Meta's motivation for Code Llama was to provide a fully open-weight, commercially usable family of code models that could match or exceed the performance of proprietary systems. By starting from the already capable Llama 2 foundation and applying targeted code specialization, the research team aimed to create models that developers could run locally, fine-tune for domain-specific tasks, and integrate into their own tools without reliance on closed API services.
Code Llama inherits the transformer architecture of Llama 2, which is a decoder-only autoregressive transformer. The architecture incorporates several modern design choices that distinguish it from the original transformer formulation:
The tokenizer is a byte-pair encoding (BPE) tokenizer shared with Llama 2, featuring a vocabulary of 32,000 tokens.
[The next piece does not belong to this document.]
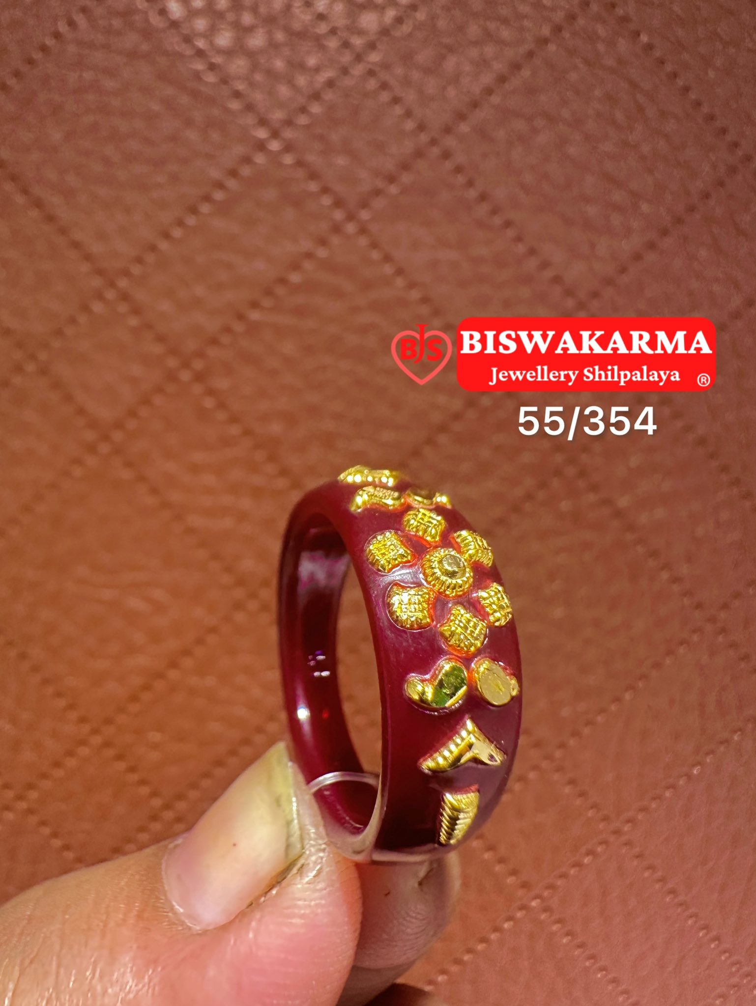 A graceful maroon pola ring with golden floral art — rich in tradition, glowing in beauty, and perfect for festive celebrations.
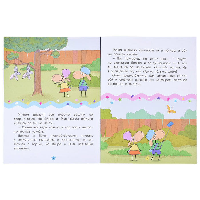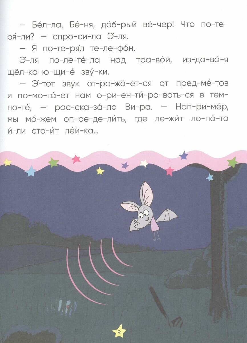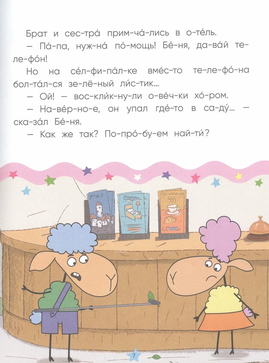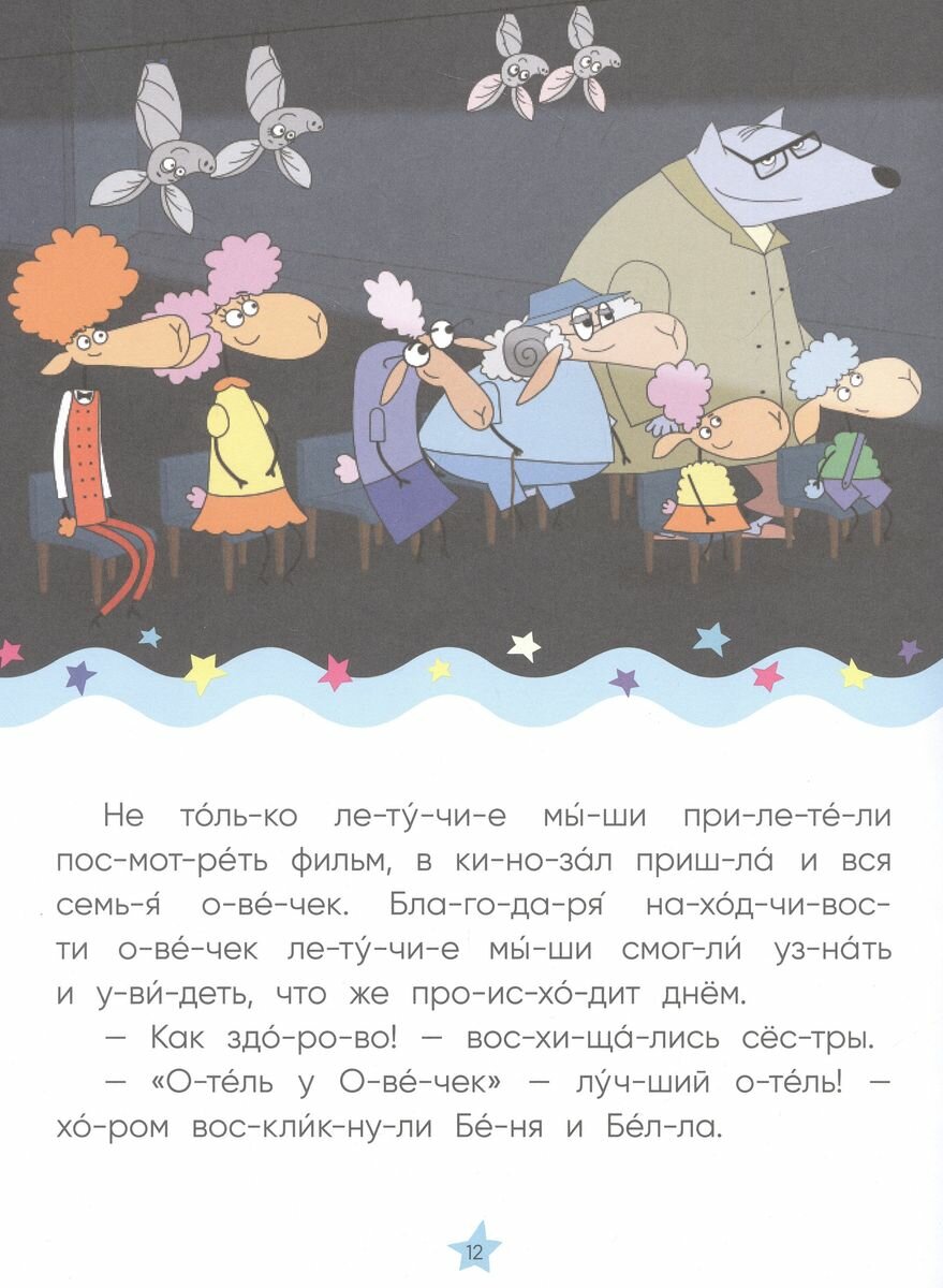 «Отель у Овечек» — лучший отель, в котором живут веселые и любознательные овечки Белла и Беня. С ними вы точно не заскучаете! Однажды в отель приезжают летучие мыши. Белла и Беня очень хотят поиграть с ними, но ведь мыши спят днем, а ночью улетают на прогулку. Как же быть? Забавные персонажи, крупный шрифт, слова с ударениями и по слогам — все это поможет сделать чтение увлекательным занятием для ребенка.

| Parameter | 7B | 13B | 34B | 70B |
|---|---|---|---|---|
| Transformer layers | 32 | 40 | 48 | 80 |
| Attention heads | 32 | 40 | 48 | 64 |
| Embedding dimension | 4,096 | 5,120 | 8,192 | 8,192 |
| Context length (training) | 16,384 | 16,384 | 16,384 | 16,384 |
| Context length (inference) | 100,000 | 100,000 | 100,000 | 100,000 |
| Vocabulary size | 32,000 | 32,000 | 32,000 | 32,000 |
| GQA | No | No | Yes | Yes |
Code Llama is offered in three distinct variants, each tailored to different use cases:
The foundation model serves as the general-purpose code generation backbone. It is initialized from Llama 2 and further trained on a large corpus of code and code-adjacent data. The base model supports a wide range of programming languages and is suitable for code completion, code generation from natural language descriptions, and general code understanding tasks.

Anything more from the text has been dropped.